The first dance opens with a brief introduction from Newark Avenue in Jersey City before transporting us to Reykjavík’s 5/8 lilt. Each ensemble member employs unique techniques to mimic the crosswalk’s percussive sound: the flute’s “tongue-pizz,” the cello’s pizzicato, and the violin’s bounced ricochet ornaments the lilting dance.
The second dance returns to Jersey City, where the crosswalks, in a characteristically American way, speak directly to pedestrians. I fed recordings of standard crosswalk phrases (“wait,” “walk”) into an AI learning algorithm to generate new words in the same voice, imagining a malfunctioning crosswalk that develops its own consciousness.
The third dance draws from Brooklyn recordings, featuring a malfunctioning crosswalk that resembles a jackhammer. The ensemble creates rhythmic, unpitched noises while the flute and clarinet’s wailing multiphonics echo the chaos of Brooklyn traffic.

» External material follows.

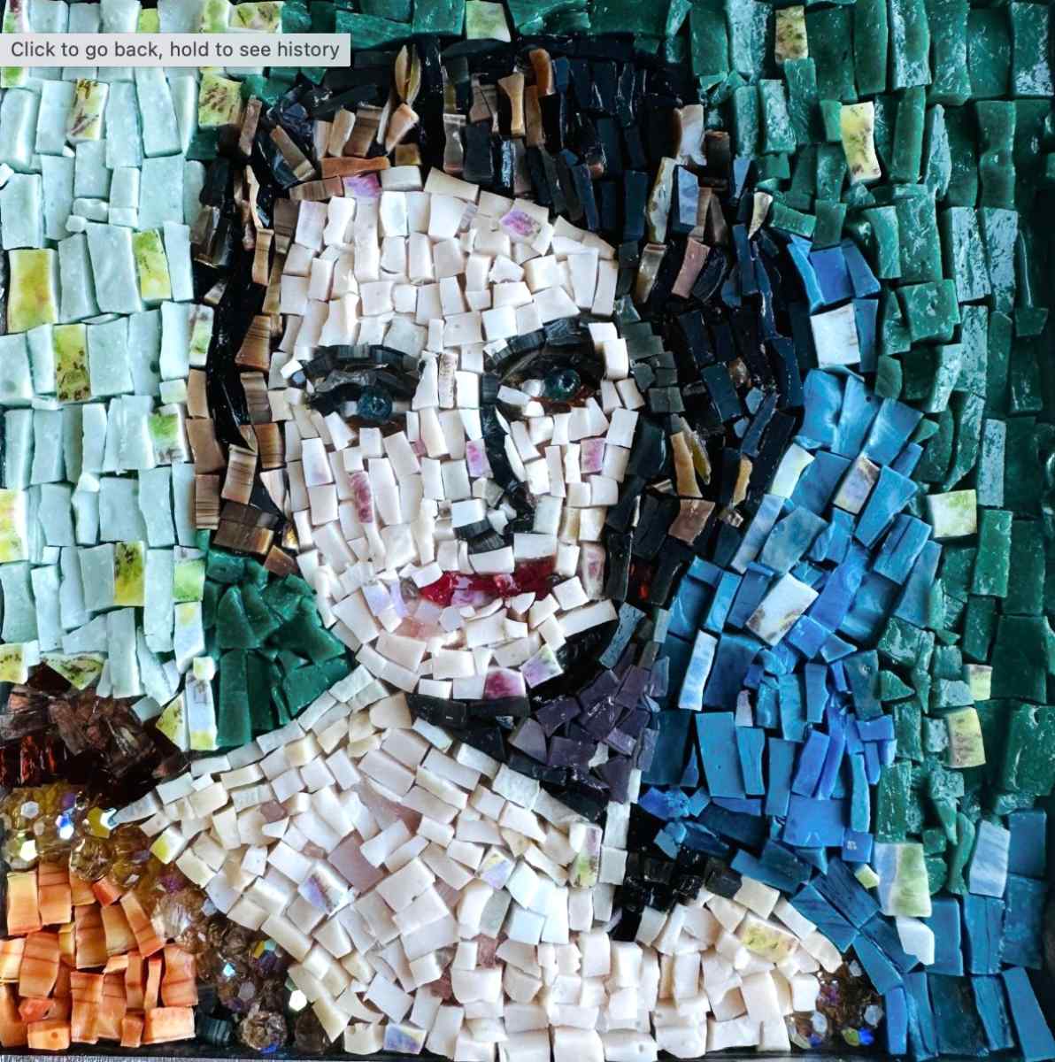 Austin Mosaic Guild member Lee Bertiger created this wonderful mosaic portrait of her grandmother, Alice Blumberg Epstein- 4” x 4” ,smalti, stained glass, crystal beads, and a vintage tea cup saucer.

The fourth dance, in Paris, explores the smooth-spoken voices of crosswalks (“Rue Lafayette rouge, piéton”) in canon with another street’s signals. This rare melodic crosswalk sound inspires a flowing, chromatic dialogue between flute and clarinet. An alarm clock sound from Florence intersects with spoken directions like “green, red, dark, clear” in French.
The final dance weaves together sounds from all previous movements, creating a true “Barnes Dance” where listeners can mentally “cross” whichever street they choose—diagonally from Iceland to Brooklyn!
Barnes Dances was commissioned by Elizabeth and Justus Schlichting, Hub New Music, Rocket City New Music, and CAP UCLA, and is dedicated to Hub.